***** Data block

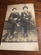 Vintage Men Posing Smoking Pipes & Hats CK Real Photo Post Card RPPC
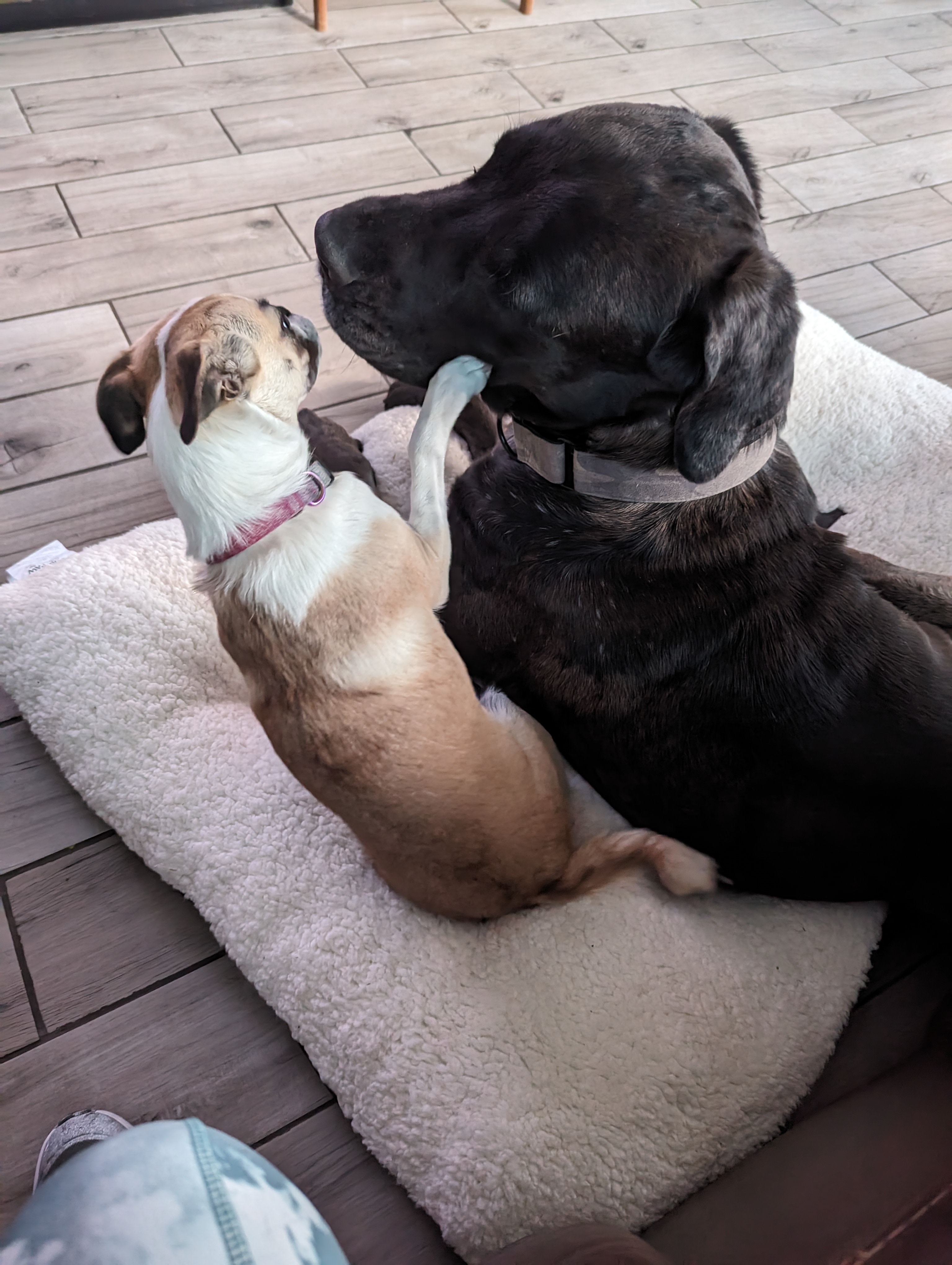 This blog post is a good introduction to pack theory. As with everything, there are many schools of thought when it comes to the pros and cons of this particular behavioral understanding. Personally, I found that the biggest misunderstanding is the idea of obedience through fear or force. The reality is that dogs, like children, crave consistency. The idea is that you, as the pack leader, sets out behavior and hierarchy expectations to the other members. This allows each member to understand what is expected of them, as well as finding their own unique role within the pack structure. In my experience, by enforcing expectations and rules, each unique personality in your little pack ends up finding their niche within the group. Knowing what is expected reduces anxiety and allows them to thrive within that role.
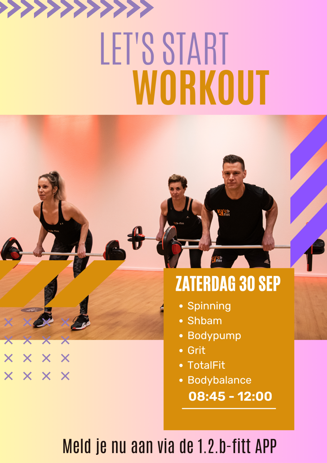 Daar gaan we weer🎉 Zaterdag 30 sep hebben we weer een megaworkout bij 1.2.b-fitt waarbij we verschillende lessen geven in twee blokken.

**********

--- Exercise directions ---
Exactly as written, please give again the lines from the beginning of the listing through the line containing "This blog post", inclusive, without any pictures.

--- Answer to the problem ---
 Vintage Men Posing Smoking Pipes & Hats CK Real Photo Post Card RPPC
 This blog post is a good introduction to pack theory. As with everything, there are many schools of thought when it comes to the pros and cons of this particular behavioral understanding. Personally, I found that the biggest misunderstanding is the idea of obedience through fear or force. The reality is that dogs, like children, crave consistency. The idea is that you, as the pack leader, sets out behavior and hierarchy expectations to the other members. This allows each member to understand what is expected of them, as well as finding their own unique role within the pack structure. In my experience, by enforcing expectations and rules, each unique personality in your little pack ends up finding their niche within the group. Knowing what is expected reduces anxiety and allows them to thrive within that role.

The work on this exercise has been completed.